When the script is created, the script is run via the
sem
function. Put the script in the model
argument. Put the data object in the data
argument.
cluster
means the variable name of the group ID. After
running the result, users can use summary
function to see
the results.
library(lavaan)
model1 <- '
level: 1
sat ~ groupflow
level: 2
sat ~ groupflow
'
fit1 <- sem(model = model1, data = dat, cluster = "groupid")
summary(fit1)
## lavaan 0.6.17 ended normally after 14 iterations
##
## Estimator ML
## Optimization method NLMINB
## Number of model parameters 5
##
## Number of observations 1000
## Number of clusters [groupid] 200
##
## Model Test User Model:
##
## Test statistic 0.073
## Degrees of freedom 0
##
## Parameter Estimates:
##
## Standard errors Standard
## Information Observed
## Observed information based on Hessian
##
##
## Level 1 [within]:
##
## Regressions:
## Estimate Std.Err z-value P(>|z|)
## sat ~
## groupflow 0.288 0.040 7.203 0.000
##
## Variances:
## Estimate Std.Err z-value P(>|z|)
## .sat 0.817 0.041 20.000 0.000
##
##
## Level 2 [groupid]:
##
## Regressions:
## Estimate Std.Err z-value P(>|z|)
## sat ~
## groupflow 0.528 0.072 7.367 0.000
##
## Intercepts:
## Estimate Std.Err z-value P(>|z|)
## .sat 0.094 0.036 2.606 0.009
##
## Variances:
## Estimate Std.Err z-value P(>|z|)
## .sat 0.084 0.027 3.137 0.002
The similar model in multilevel analysis is Multivariate Manifest
Covariate Model (MMC). The outcome is predicted by the group means of
predictors and the group-mean centered predictors, as studied in Lecture
7. First, the groupflow
is used to create group means and
group-mean-centered variable.
dat$aveflow <- ave(dat$groupflow, dat$groupid)
dat$diffflow <- dat$groupflow - dat$aveflow
Next, use the lme4
package to run MMC.
library(lme4)
out2 <- lmer(sat ~ 1 + diffflow + aveflow + (1|groupid), data=dat, REML=FALSE)
summary(out2)
## Linear mixed model fit by maximum likelihood ['lmerMod']

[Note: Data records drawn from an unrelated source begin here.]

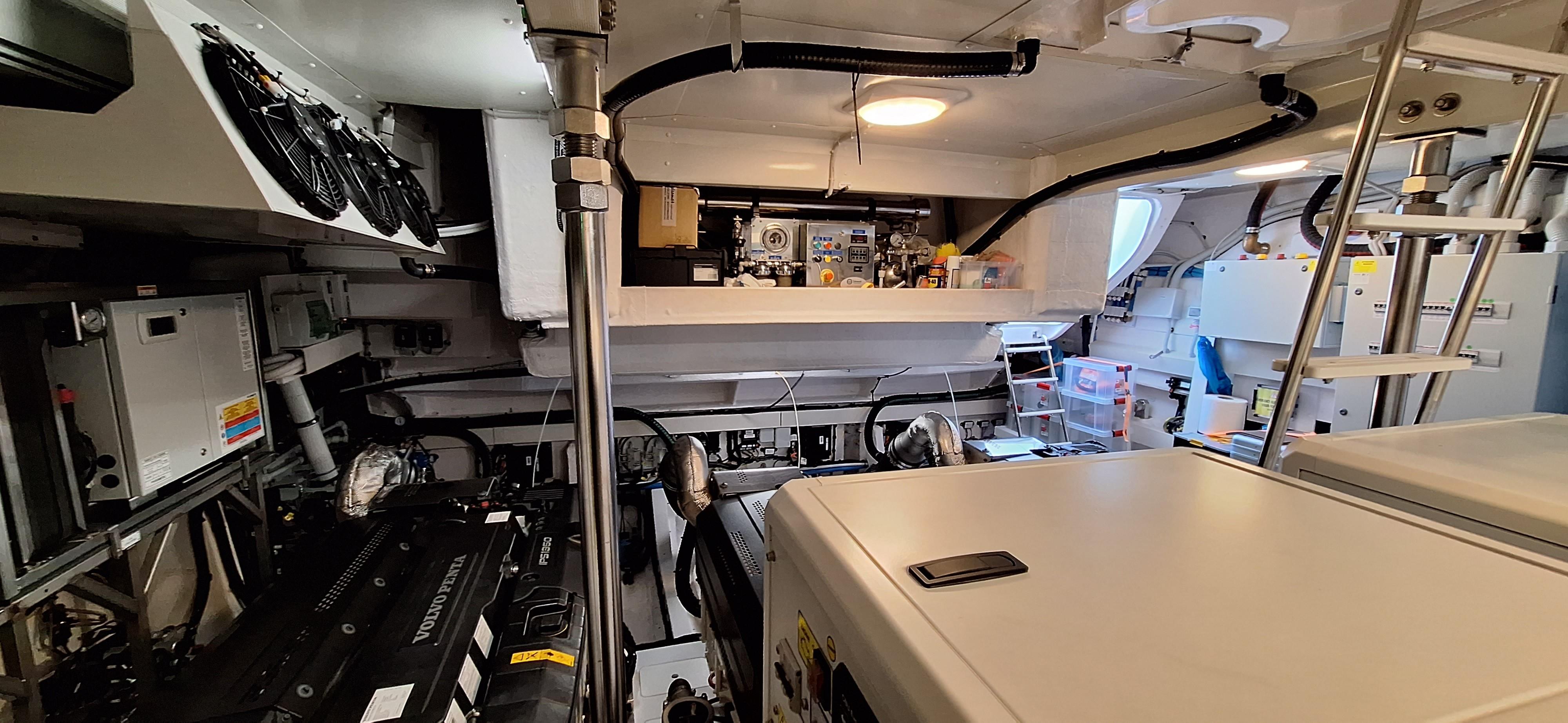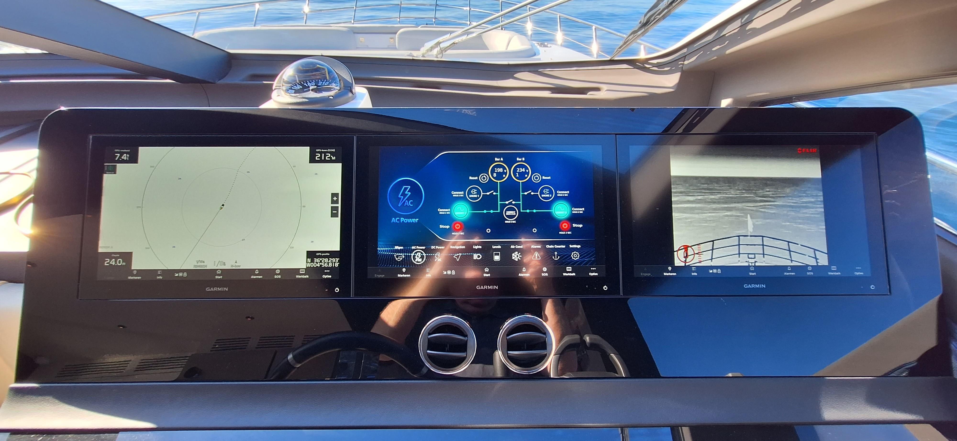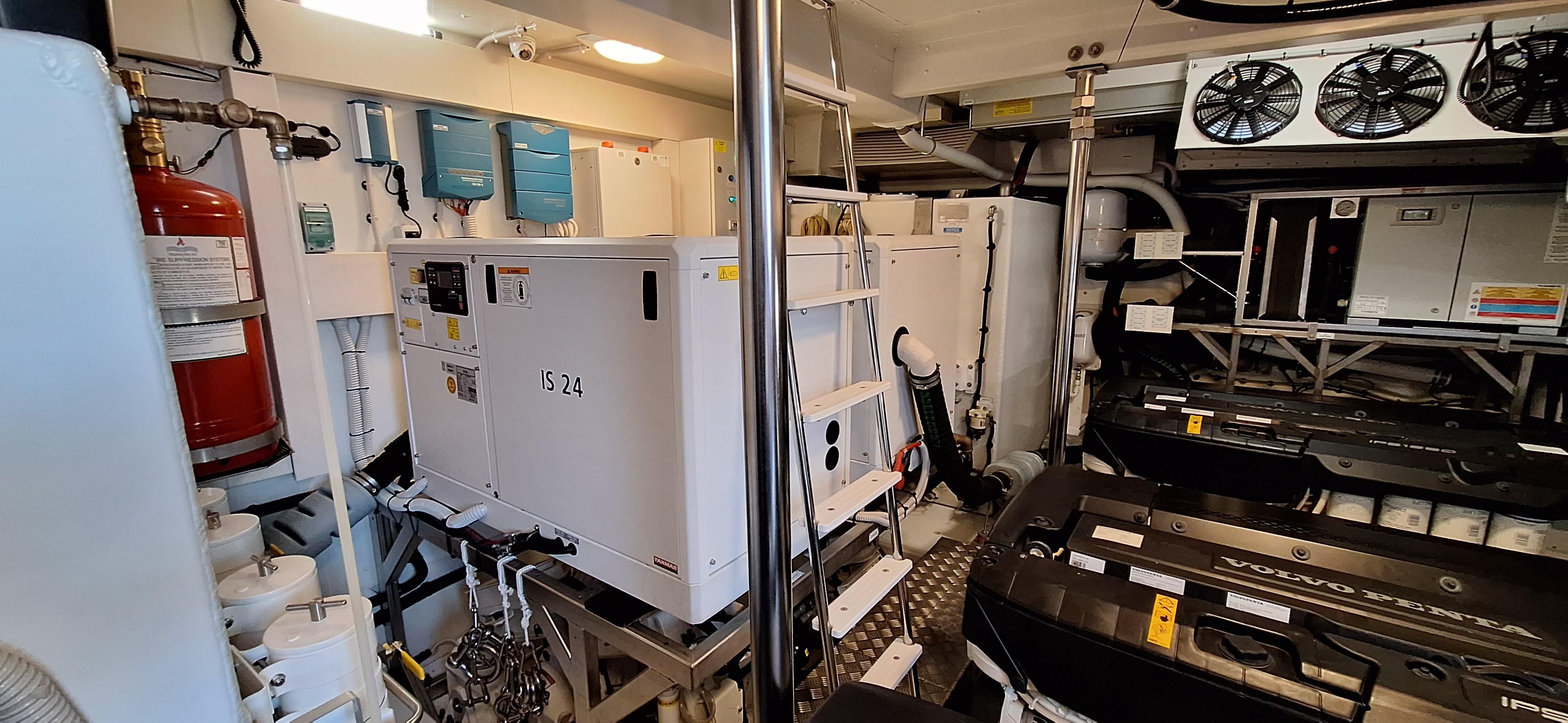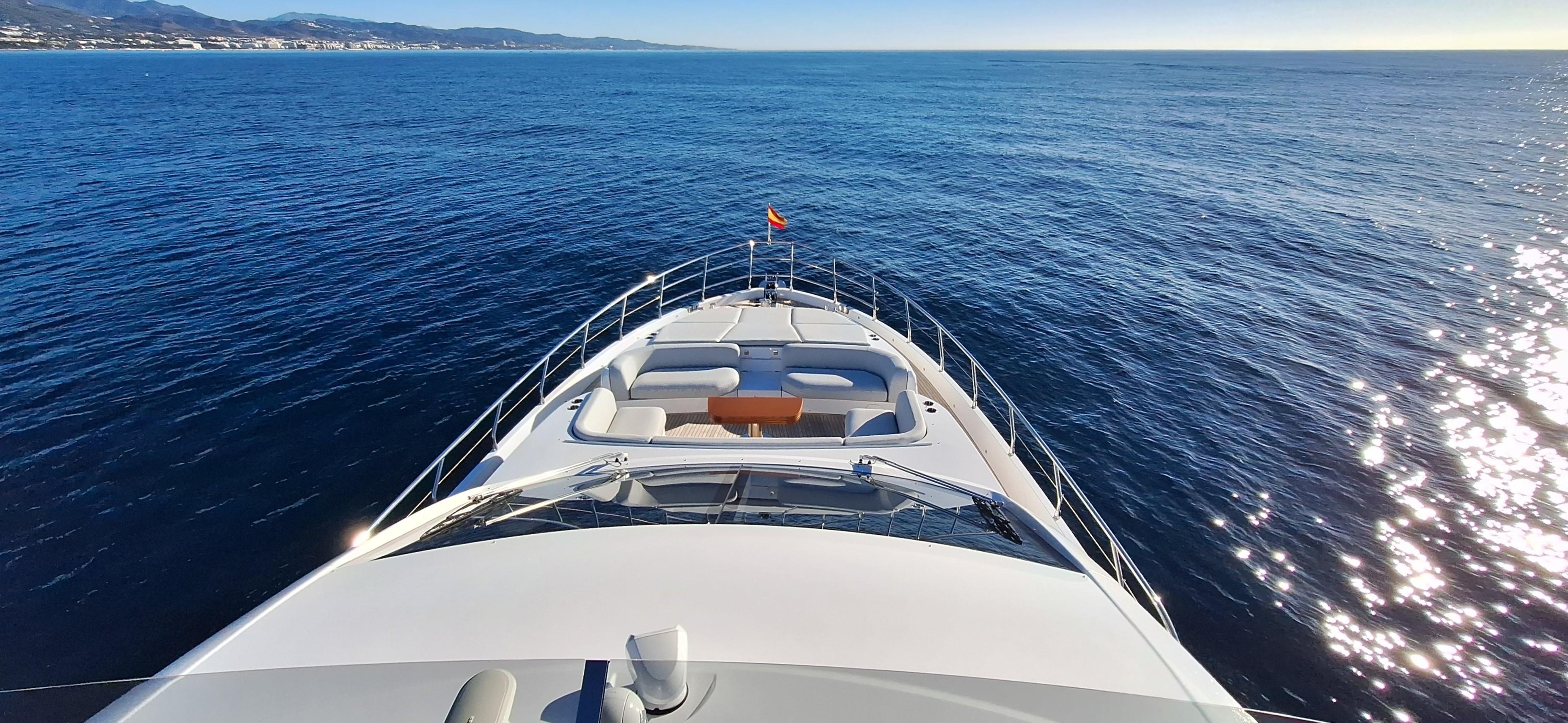 Deze Azimut 78 Fly is uitgevoerd in de exclusieve loungeversie, met twee royale L-vormige salonbanken tegenover het entertainmentcentrum aan stuurboordzijde. Dankzij de zwaarste motorisering, 3x Volvo IPS1350 (D13-1000), bereikt het jacht moeiteloos een topsnelheid van 33 knopen.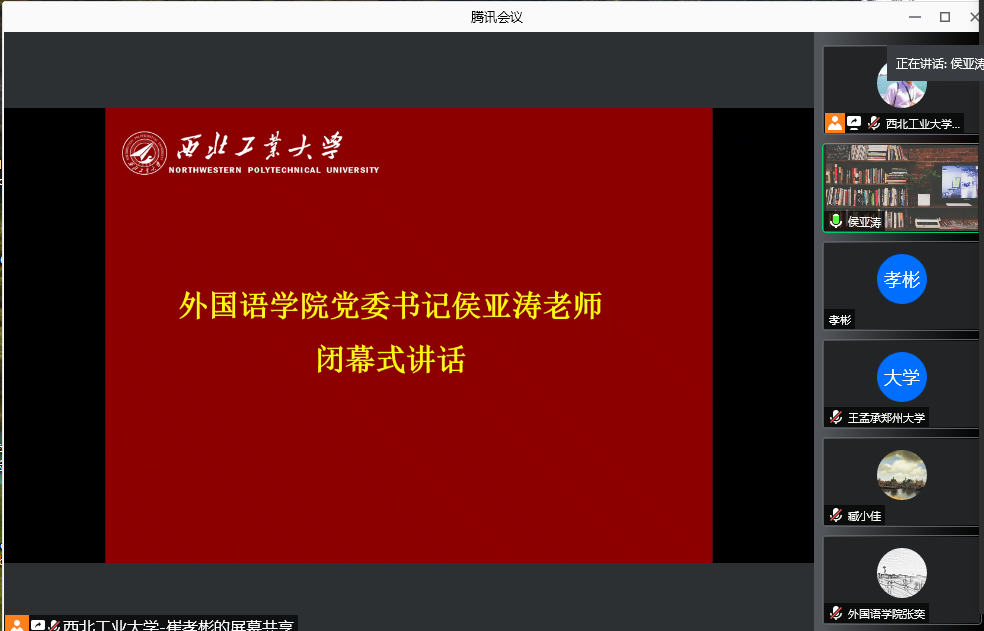 6日下午的闭幕式上,6位营员主动发言,从活动的组织、对西工大的情怀、学术讲座的深度、奖助体系的完备、校友的优秀、对老师的感谢等方面分享了自己的感受。最后,院党委书记侯亚涛讲话,他对本次夏令营活动的圆满举办表示祝贺,对过程中全体老师的辛勤组织和付出表示感谢,期望同学们在短短的两天时间内有所收获,对自己的成长有所帮助,也期待大家能够早日加入西工大JavLibrary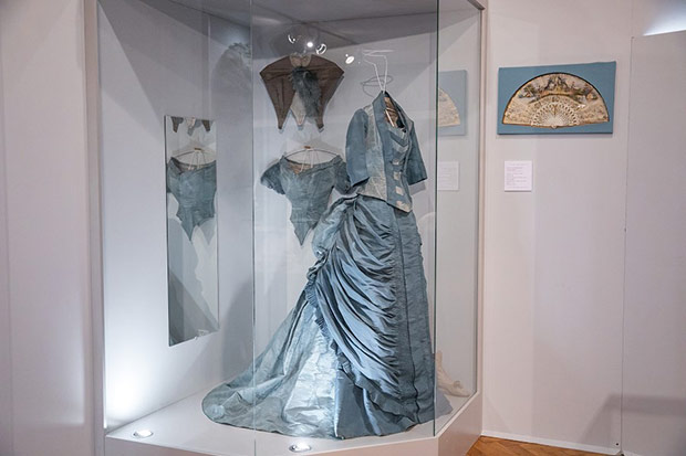 Kreacje z jedwabiu, rypsu, dekorowane gazą, koronkami, haftem stanowią tło dla zakupionych arcydziełek kunsztu kaletniczego, malarskiego, złotniczego. Ubiory uszeregowane zgodnie z chronologią pozwalają prześledzić ewolucję damskiej sylwetki od drugiej połowy XIX w. do międzywojnia, okresu rewolucyjnych zmian w modzie kobiecej. Od krynoliny z różowej tafty z czasów II cesarstwa przechodzimy do toalety uszytej z ciężkiego fioletowego rypsu o spódnicy z tiurniurą ( drapowany tył na poduszce lub stelażu) charakterystycznej dla lat 70-tych XIX w. Następne dziesięciolecie przyniosło architektoniczny, wypiętrzony kształt tiurniury. Ten model z tafty i jedwabnej mory w barwach turkusowych prezentuje toaleta z fantazyjnie uformowaną tiurniurą i dwoma stanikami ( ówczesne suknie były dwuczęściowe): spacerowym z dłuższym stanem i rękawami oraz balowym mocno wydekoltowanym z krótkimi rękawkami z gazy. Bardziej powściągliwa w kształcie suknia z XIX/XX w. nie posiada już tiurniury, lecz wachlarzowato układającą się spódnicę. Dopełnieniem są duże, bogate kapelusze. Cudeńka ze słomki, sztucznych kwiatów, gazy, fularu, aksamitnych i jedwabnych wstążek, bardzo niewygodne bo upinane na wysokich fryzurach mocno ograniczały ruchy. Przechowywano je w walcowatych pudłach służących również do ich transportu . Wystawiono je także z parasolkami i akcesoriami podróżnymi.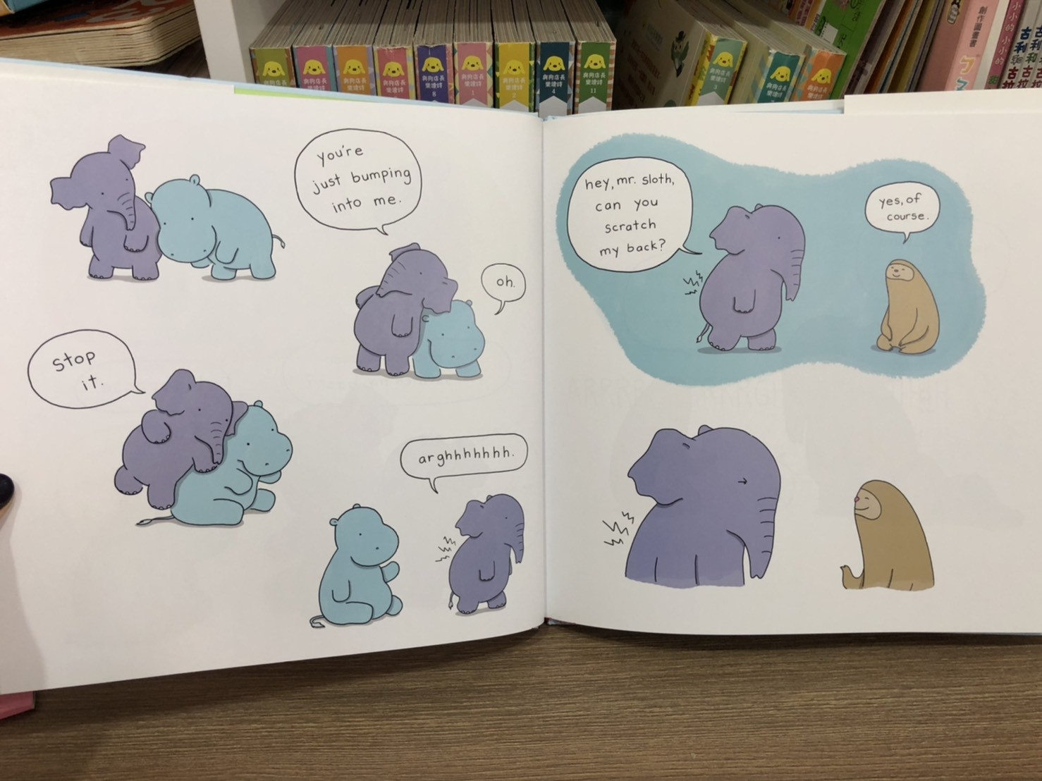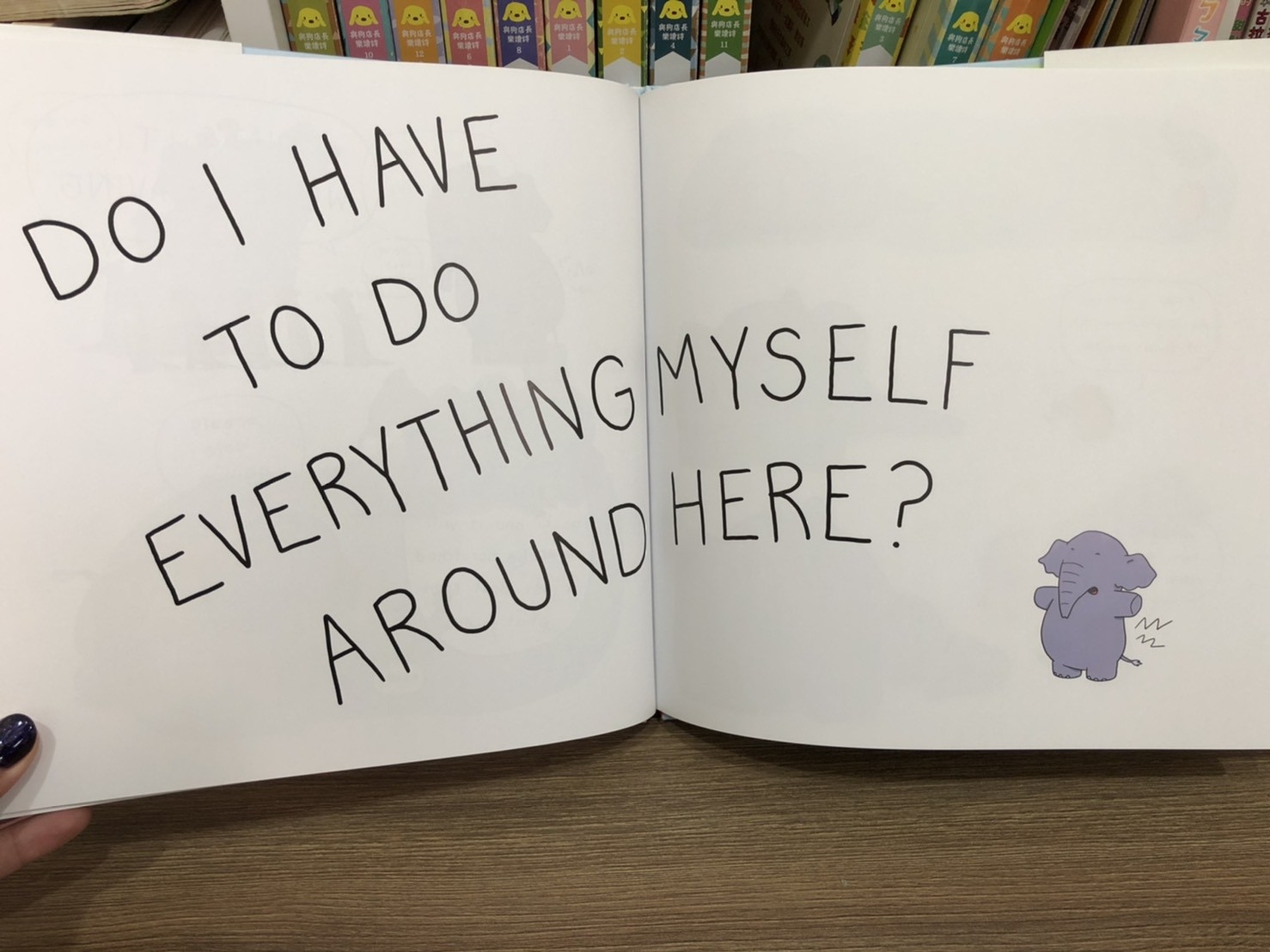 最後出現了一種動物,讓大象得以解決他的需求,但是大象卻「用完就丟」,我還記得喬喬一看到這頁,馬上轉頭跟我說「媽媽,這樣不對耶,要跟人家說謝謝啊」這反應也讓人會心一笑呢!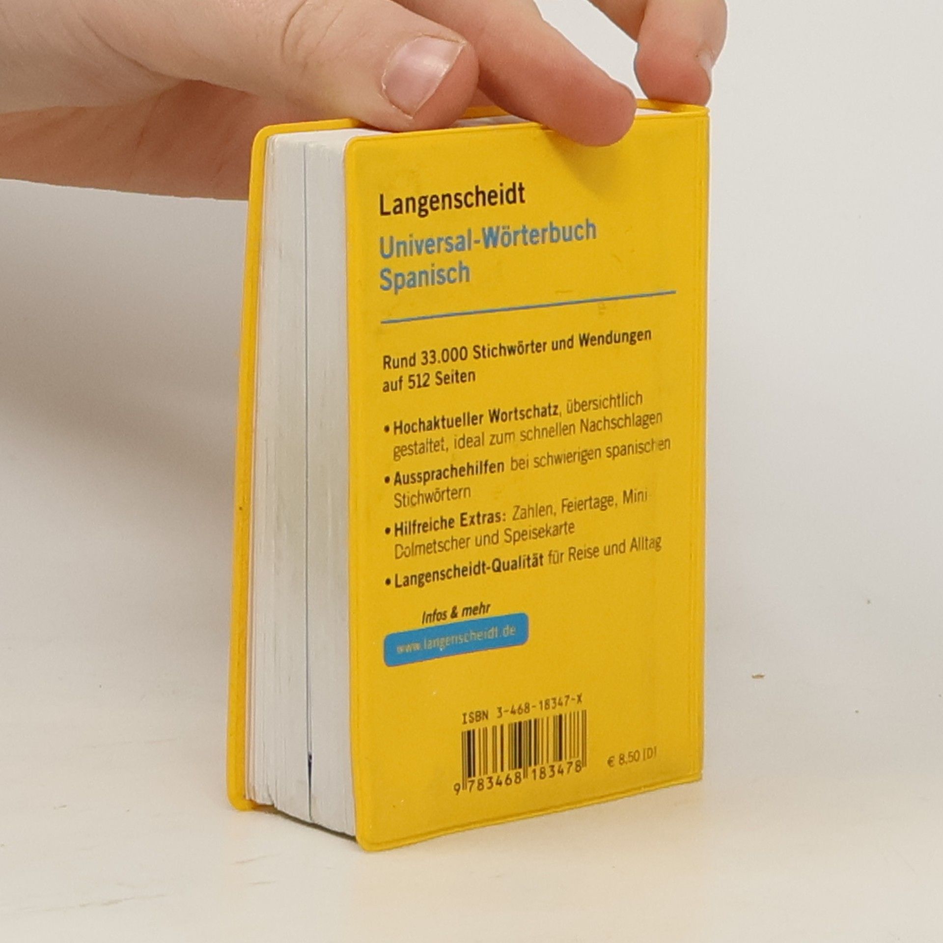 Das universelle Wörterbuch mit aktuellem Wortschatz im besonders praktischen Format. Rund 33.000 Stichwörter und Wendungen alle Haupteinträge in Blau für die schnelle Orientierung hilfreiche Extras im Anhang: Feiertage, Mini-Dolmetscher zu wichtigen Sprechsituationen auf der Reise, spanische Speisekarte u. a. zum schnellen Nachschlagen auf Reisen und für den fremdsprachlichen Anfangsunterricht

## Formula: sat ~ 1 + diffflow + aveflow + (1 | groupid)
## Data: dat
##
## AIC BIC logLik deviance df.resid
## 2732.9 2757.5 -1361.5 2722.9 995
##
## Scaled residuals:
## Min 1Q Median 3Q Max
## -2.5325 -0.6194 0.0081 0.6332 3.5781
##
## Random effects:
## Groups Name Variance Std.Dev.
## groupid (Intercept) 0.08968 0.2995
## Residual 0.81670 0.9037
## Number of obs: 1000, groups: groupid, 200
##
## Fixed effects:
## Estimate Std. Error t value
## (Intercept) 0.08953 0.03580 2.501
## diffflow 0.28837 0.04004 7.203
## aveflow 0.46384 0.05144 9.018
##
## Correlation of Fixed Effects:
## (Intr) dffflw
## diffflow 0.000
## aveflow 0.115 0.000
Users can use lavaan
to run MMC too. Note that
lavaan
cannot run restricted maximum likelihood
(REML
). Full information likelihood is used in both
lavaan
and lme4
packages.
model2 <- '
level: 1
sat ~ diffflow
level: 2
sat ~ aveflow
'
fit2 <- sem(model = model2, data = dat, cluster = "groupid")
summary(fit2)
## lavaan 0.6.17 ended normally after 12 iterations
##
## Estimator ML
## Optimization method NLMINB
## Number of model parameters 5
##
## Number of observations 1000
## Number of clusters [groupid] 200
##
## Model Test User Model:
##
## Test statistic 0.000
## Degrees of freedom 0
##
## Parameter Estimates:
##
## Standard errors Standard
## Information Observed
## Observed information based on Hessian
##
##
## Level 1 [within]:
##
## Regressions:
## Estimate Std.Err z-value P(>|z|)
## sat ~
## diffflow 0.288 0.040 7.203 0.000
##
## Variances:
## Estimate Std.Err z-value P(>|z|)
## .sat 0.817 0.041 20.000 0.000
##
##
## Level 2 [groupid]:
##
## Regressions:
## Estimate Std.Err z-value P(>|z|)
## sat ~
## aveflow 0.464 0.051 9.018 0.000
##
## Intercepts:
## Estimate Std.Err z-value P(>|z|)
## .sat 0.090 0.036 2.501 0.012
##
## Variances:
## Estimate Std.Err z-value P(>|z|)
## .sat 0.090 0.027 3.373 0.001
The regression coefficients from MLC and MMC were different. In this case, group flow is the property of groups so MLC is more appropriate.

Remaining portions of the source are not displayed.